[following from comment trail]
Hi, it may be your lucky day because I have been processing other microarray studies all morning. Here is how you could process this (after you download the CEL files and unzip them):
[note that you may be asked to install one or both of these packages, while you'll notice another being automatically downloaded when you run rma()
]
# workspace setup
require(oligo)
require(drosophila2.db)
gseID <- 'GSE21344'
# read in and prepare data
# raw CEL files
message('--loading CEL files for ', gseID)
raw <- read.celfiles(
filenames = list.files('GSE21344_RAW/', pattern = '*cel', full.names = TRUE),
sampleNames = gsub('\\.cel$', '', list.files('GSE21344_RAW/', pattern = '*cel')))
# RMA
message('--RMA normalising...')
gset <- rma(raw)
message('--Done.')
gset <- exprs(gset)
probes <- rownames(gset)
samIDs <- colnames(gset)
# annotate
annotLookup <- select(drosophila2.db, keys = probes,
columns = c('PROBEID', 'ENSEMBL', 'SYMBOL'))

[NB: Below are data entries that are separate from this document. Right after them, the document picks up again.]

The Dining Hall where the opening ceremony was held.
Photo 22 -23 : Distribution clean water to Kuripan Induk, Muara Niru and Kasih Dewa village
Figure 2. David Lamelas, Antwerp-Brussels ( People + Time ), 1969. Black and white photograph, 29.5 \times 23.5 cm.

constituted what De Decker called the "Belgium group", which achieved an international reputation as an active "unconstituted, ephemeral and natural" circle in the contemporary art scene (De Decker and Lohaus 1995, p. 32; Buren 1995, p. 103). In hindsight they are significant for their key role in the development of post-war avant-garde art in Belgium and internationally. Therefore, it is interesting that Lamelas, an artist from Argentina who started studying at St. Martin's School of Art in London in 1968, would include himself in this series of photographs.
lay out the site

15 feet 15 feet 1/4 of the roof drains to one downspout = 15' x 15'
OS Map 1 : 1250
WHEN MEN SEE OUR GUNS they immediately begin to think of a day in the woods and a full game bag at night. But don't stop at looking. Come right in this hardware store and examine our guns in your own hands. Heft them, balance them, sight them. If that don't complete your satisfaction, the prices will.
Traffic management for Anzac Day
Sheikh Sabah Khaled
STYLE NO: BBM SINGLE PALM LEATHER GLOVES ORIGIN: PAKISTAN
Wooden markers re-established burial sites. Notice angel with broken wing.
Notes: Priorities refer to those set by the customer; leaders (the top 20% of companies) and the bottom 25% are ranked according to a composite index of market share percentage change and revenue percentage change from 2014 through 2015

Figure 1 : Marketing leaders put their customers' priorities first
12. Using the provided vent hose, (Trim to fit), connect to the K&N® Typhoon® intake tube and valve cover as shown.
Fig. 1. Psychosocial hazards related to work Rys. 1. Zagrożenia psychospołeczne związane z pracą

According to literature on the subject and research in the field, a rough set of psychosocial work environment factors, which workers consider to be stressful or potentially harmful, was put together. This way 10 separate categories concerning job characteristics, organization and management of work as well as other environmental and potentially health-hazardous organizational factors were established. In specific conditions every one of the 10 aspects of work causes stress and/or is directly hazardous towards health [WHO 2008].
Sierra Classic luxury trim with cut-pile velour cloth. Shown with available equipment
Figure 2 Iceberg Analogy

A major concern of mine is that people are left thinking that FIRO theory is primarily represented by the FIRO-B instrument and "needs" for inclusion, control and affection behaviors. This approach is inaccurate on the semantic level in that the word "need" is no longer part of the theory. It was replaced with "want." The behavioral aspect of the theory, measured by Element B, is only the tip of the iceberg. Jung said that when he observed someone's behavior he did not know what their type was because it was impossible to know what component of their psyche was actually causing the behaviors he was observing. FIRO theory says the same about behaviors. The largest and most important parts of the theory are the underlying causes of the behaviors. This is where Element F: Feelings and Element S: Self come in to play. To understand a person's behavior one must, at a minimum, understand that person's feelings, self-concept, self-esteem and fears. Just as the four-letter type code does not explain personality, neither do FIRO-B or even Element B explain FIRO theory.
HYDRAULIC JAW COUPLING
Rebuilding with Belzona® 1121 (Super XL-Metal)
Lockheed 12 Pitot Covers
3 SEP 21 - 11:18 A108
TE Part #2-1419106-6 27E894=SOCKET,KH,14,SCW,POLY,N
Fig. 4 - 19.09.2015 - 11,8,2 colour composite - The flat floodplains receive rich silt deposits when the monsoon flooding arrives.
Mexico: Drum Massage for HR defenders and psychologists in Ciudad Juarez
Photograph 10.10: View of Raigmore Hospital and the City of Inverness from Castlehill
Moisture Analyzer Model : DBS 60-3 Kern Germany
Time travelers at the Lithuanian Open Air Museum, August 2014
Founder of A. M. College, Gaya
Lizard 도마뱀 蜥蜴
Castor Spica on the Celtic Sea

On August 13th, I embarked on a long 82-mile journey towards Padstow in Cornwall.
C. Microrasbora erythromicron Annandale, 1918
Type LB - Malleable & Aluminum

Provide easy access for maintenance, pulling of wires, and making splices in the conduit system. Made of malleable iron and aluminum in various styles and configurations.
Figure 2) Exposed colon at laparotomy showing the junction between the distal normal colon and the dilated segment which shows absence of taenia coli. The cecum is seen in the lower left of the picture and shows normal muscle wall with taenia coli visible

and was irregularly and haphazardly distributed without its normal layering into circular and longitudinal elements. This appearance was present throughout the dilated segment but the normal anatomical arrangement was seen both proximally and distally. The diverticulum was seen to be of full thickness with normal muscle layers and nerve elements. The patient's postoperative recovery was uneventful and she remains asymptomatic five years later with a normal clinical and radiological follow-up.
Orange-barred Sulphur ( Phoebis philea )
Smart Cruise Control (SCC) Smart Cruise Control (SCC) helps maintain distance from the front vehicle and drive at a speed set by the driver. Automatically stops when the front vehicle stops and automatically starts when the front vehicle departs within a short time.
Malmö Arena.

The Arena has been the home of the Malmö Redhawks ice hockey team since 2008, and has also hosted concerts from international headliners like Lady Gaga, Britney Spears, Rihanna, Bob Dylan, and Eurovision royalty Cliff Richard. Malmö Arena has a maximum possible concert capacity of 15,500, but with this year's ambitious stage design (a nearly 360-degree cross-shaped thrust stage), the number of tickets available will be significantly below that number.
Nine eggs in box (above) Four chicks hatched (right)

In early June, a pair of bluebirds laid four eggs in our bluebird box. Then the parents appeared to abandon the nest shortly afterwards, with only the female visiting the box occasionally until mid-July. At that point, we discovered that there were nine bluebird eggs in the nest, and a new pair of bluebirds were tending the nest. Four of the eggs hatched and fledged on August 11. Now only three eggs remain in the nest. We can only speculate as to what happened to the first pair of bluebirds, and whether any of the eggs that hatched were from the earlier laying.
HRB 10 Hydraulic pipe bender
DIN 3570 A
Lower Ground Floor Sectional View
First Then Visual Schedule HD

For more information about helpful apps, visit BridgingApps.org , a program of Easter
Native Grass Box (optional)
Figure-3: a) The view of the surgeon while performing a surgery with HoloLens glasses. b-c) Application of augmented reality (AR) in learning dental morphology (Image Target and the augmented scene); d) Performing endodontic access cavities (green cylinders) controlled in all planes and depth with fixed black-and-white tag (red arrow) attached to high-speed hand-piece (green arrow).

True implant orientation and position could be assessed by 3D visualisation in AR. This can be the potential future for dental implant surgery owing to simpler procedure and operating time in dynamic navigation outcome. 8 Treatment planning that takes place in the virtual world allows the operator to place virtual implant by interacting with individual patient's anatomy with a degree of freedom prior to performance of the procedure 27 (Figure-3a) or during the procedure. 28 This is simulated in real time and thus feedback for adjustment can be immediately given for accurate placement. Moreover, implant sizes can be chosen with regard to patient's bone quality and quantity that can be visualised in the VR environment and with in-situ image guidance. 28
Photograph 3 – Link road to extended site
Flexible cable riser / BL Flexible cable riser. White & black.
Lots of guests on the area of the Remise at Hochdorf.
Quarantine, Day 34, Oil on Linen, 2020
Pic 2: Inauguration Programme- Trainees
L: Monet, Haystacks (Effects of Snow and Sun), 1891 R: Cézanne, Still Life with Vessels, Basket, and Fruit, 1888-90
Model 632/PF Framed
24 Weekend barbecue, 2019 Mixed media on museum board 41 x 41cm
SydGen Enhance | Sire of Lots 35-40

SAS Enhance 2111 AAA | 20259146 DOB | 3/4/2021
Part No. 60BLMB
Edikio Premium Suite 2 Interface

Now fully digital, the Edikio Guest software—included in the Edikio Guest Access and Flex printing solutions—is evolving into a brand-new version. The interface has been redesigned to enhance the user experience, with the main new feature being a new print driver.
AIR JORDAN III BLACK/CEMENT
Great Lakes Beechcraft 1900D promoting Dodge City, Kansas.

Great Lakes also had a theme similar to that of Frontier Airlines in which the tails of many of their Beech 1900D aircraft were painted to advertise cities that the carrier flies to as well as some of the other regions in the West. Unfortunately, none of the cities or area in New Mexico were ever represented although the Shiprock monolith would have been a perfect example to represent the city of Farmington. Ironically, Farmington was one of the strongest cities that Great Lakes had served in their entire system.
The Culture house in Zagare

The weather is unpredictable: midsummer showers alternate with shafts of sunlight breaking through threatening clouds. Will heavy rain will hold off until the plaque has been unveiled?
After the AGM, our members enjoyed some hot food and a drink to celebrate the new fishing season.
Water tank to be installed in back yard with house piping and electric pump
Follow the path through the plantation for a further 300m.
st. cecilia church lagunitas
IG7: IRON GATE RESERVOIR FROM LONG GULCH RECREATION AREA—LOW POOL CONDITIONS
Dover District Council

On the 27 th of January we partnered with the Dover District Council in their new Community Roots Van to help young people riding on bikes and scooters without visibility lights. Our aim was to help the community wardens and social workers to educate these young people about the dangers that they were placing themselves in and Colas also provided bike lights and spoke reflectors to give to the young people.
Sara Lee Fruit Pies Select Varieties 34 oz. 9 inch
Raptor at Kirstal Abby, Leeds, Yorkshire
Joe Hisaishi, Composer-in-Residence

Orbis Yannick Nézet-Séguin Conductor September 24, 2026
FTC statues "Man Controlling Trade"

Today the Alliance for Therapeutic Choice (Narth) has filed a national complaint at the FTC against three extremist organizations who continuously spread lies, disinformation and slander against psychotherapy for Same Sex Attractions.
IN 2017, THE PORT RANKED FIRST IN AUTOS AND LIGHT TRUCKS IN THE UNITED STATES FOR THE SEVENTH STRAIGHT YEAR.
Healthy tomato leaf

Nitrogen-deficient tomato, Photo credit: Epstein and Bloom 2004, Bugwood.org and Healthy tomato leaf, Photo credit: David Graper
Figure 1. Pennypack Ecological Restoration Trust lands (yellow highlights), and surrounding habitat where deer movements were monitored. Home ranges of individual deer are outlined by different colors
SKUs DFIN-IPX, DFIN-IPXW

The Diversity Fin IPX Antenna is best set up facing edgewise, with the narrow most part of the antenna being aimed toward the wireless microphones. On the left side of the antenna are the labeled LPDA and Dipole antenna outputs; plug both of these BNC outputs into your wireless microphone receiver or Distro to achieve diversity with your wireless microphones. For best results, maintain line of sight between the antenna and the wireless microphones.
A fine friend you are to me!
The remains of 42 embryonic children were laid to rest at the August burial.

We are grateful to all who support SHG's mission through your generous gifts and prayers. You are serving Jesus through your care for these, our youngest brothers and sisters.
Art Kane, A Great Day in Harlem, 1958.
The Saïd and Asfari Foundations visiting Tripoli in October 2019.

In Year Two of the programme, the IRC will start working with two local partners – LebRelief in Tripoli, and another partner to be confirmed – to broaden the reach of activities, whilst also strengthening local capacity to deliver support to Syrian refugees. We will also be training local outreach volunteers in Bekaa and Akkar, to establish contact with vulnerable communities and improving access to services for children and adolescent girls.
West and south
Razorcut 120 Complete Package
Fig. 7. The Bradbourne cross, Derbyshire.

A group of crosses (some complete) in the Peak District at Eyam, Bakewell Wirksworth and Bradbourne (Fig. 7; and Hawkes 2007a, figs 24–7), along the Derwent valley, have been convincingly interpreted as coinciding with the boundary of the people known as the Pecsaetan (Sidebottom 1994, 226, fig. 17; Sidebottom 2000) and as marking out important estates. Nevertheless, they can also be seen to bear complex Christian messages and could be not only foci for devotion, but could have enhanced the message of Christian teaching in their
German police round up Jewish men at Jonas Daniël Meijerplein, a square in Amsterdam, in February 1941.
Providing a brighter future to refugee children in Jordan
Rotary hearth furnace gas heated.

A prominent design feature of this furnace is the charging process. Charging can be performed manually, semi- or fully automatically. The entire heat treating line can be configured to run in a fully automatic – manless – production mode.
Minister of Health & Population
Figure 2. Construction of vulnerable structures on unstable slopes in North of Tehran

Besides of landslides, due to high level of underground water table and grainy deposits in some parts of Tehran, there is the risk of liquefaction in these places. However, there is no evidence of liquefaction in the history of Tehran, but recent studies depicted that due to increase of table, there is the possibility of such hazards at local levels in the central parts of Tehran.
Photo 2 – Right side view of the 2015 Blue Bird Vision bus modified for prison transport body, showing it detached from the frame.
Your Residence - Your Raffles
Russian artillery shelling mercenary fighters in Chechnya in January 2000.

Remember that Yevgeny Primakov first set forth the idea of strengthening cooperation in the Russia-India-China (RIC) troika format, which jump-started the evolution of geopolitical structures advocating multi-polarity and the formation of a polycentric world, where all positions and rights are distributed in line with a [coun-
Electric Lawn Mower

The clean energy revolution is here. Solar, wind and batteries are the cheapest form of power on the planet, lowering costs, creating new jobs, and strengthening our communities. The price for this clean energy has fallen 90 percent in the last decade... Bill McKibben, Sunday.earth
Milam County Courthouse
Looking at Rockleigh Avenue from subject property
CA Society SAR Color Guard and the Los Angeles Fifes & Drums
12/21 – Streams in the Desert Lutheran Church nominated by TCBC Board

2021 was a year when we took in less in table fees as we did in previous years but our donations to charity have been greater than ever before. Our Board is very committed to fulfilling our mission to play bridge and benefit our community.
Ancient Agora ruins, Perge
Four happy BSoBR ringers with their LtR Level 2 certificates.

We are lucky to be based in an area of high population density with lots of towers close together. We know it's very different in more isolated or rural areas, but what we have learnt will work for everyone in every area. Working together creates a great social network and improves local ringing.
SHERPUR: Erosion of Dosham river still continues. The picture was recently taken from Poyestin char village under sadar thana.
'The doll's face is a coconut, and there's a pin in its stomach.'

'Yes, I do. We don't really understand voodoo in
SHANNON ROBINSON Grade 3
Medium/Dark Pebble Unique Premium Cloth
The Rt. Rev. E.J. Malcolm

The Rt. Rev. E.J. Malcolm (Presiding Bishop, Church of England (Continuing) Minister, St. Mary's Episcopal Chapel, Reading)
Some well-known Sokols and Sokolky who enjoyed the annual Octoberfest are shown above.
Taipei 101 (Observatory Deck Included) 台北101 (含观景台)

# remove probes with any NA mapping
annotLookup <- annotLookup[!is.na(annotLookup$ENSEMBL) & !is.na(annotLookup$SYMBOL),]
annotLookup <- annotLookup[!duplicated(annotLookup$PROBEID),]
# look up the ensembl ID and gene symbol
probes <- probes[which(probes %in% annotLookup$PROBEID)]
gset <- gset[probes,]
all(rownames(gset)==probes)
all(probes == annotLookup[match(probes, annotLookup$PROBEID),'PROBEID'])
geneid <- annotLookup[match(probes, annotLookup$PROBEID),'SYMBOL']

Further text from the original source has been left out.